María – Hija
Sabemos —nos lo dice el dogma de la Inmaculada
Concepción— que la Madre de Dios estaba exenta del pecado original y por eso
—en el sentido positivo— singularmente colmada de la gracia, de la
participación en la vida de Dios, en la vida del Salvador. Ya sólo por eso, es Ella
de un modo singular la Hija, la niña del Padre.
La fe nos dice que después del hombre-Dios no hay alma
tan llena de gracia como la de María. Es por eso que los Padres de la Iglesia
la llaman con agrado "la Hija del Padre".
Si consultamos a los Padres griegos sobre su posición
respecto a la Madre de Dios, escuchamos la simple, clara y vigorosa frase: Ella
es sencillamente la Hija del Padre. Diríamos en nuestro lenguaje: Ella es
sencillamente la niña del Padre. ¿Qué quiere decir esto? Su filialidad
supera tota la filialidad posible en un ser creado.
Todo el ser de la Madre de Dios está ordenado hacia
Cristo, pero en Cristo y por Cristo al Padre.
Desde un principio hemos de suponer que la Madre de
Dios posee no solamente un marcado ser filial, sino también una mentalidad
filial ejemplar e incomparable.
La Madre de Dios era hija, no solamente en el ser,
sino también en toda la actitud de su alma. Ella poseía lo que constituye la
esencia del niño: la completa entrega en total humildad, una confianza abismal
y un amor muy elevado.
La Madre de Dios es el modelo de la auténtica filialidad;
Ella aprendió la filialidad del Hijo Unigénito de Dios.

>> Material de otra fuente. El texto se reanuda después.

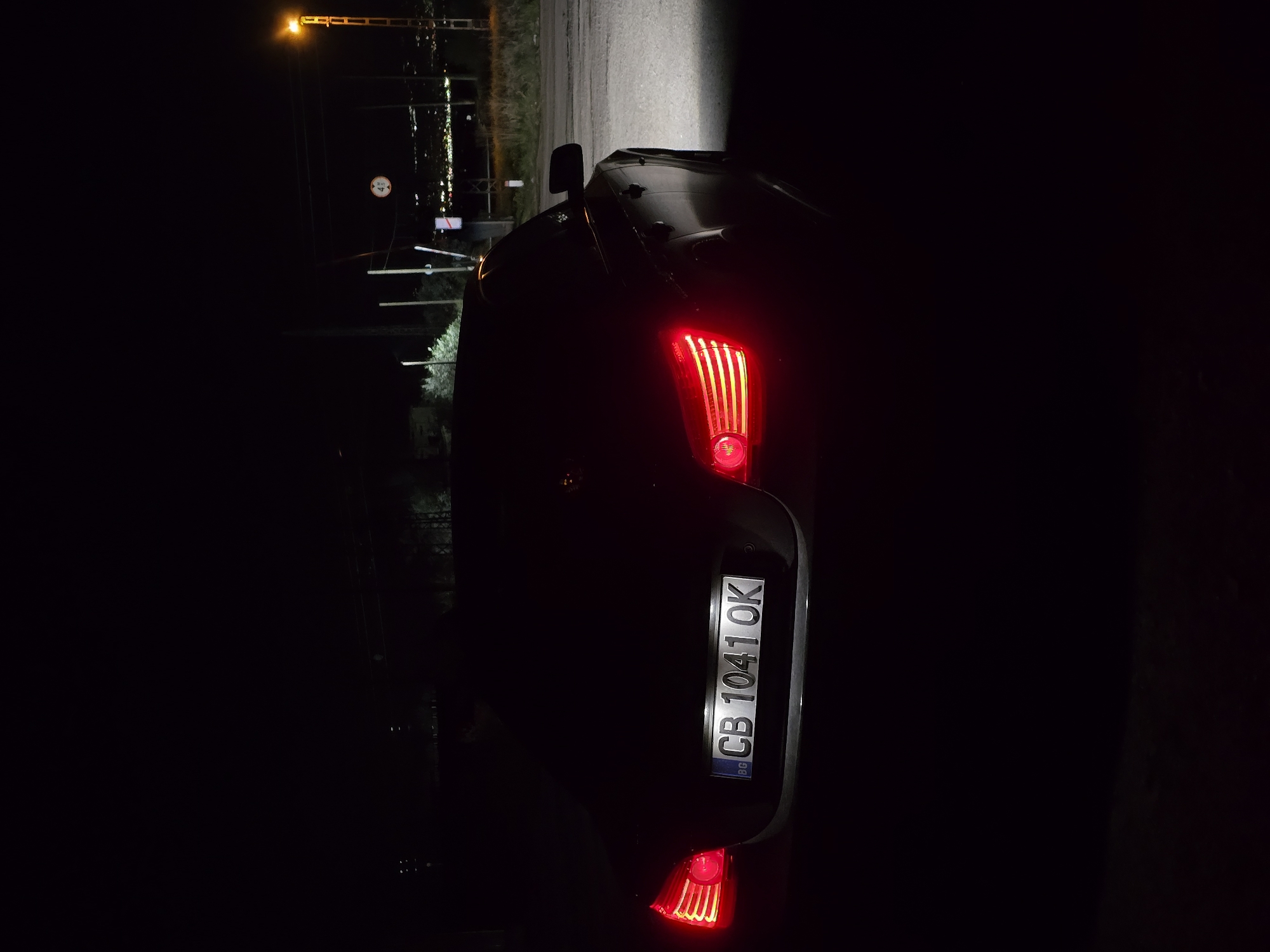 rear of a dark-colored car with Bulgarian license plate "CB 1041 OK". The car's brake lights are illuminated. The environment is dark, but a distant street light and other lighting indicate an urban setting. The image was taken at night. Considering the "CB" license plate prefix, the location may be in the city of Sofia, Bulgaria. The specific location cannot be confirmed with certainty.

Así como el Salvador gira en torno al Padre, se
sobreentiende que también lo hace la Madre de Dios, porque a través de Cristo,
está ordenada totalmente hacia el Padre.
Si estamos de rodillas ante la Madre de Dios viendo
cómo su vida fluye únicamente hacia Dios, nos sentimos tocados en nuestras
ansias más profundas.
El amor de María al Padre celestial tiene una doble
cualidad: por un lado es servicial, y por otro, extraordinariamente tierno y
filial.
El fundamento de la vivencia de pequeñez en María es
la convicción de su carácter creatural. Frente al increado, al infinito, Ella
misma se experimenta vitalmente como la humilde esclava, de un modo sumamente
tierno y profundo.
María hizo suya la voluntad de Dios, y por
consiguiente Jesús pudo gozar continuamente de la gran realidad: la voluntad
del Padre reina sobre la voluntad de su bendita Madre.

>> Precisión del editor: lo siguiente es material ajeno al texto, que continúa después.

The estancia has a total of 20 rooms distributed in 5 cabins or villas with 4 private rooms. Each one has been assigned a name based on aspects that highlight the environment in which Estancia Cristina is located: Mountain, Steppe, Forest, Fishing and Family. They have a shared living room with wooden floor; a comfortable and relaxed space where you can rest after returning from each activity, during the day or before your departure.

Toda la vida de la Madre de Dios es una cristalización
de la voluntad de Dios, una constante y absoluta entrega al deseo y la voluntad
del Padre.
"Ecce Ancilla Domini! Fiat…"[2] (Lc 1,38). Aquí podemos intuir la
entrega ilimitadamente sencilla y filial de todo su ser a la voluntad del
eterno Dios. ¡Sencillez acabada, simplicidad acabada! ¡Filialidad en sumo
grado, filialidad heroica!
El Espíritu Santo ha irrumpido sobre la Madre de Dios
en la anunciación. Y más tarde, en el cenáculo, lo ha recibido una vez más. Así
comprendemos como Ella ha podido encarnar el ideal de la filialidad de un modo
espléndido y heroico. Es una pena que se nos refiera tan poco de su vida
posterior.
Si el ser determina el obrar de la Madre de Dios y si
Ella ha sido la Hija del Padre de un modo profundamente eficaz, entonces —de
acuerdo a la ley de la transmisión de la ida— dará a sus hijos un profundo amor
filial al Padre. El ser y el sentido filial cimentado profundamente en el plano
psicológico de la querida Madre de Dios fue afirmado y desarrollado por la
actividad de la gracia; de allí que su función mediadora signifique para
nosotros un hondo enlazamiento a esa su ilimitada conciencia filial.
Si llevo a los míos a la Madre de Dios, Ella, a su
modo, se encarga de regalarles una amplia receptividad frente al Padre, una
profunda capacidad para la vivencia filial.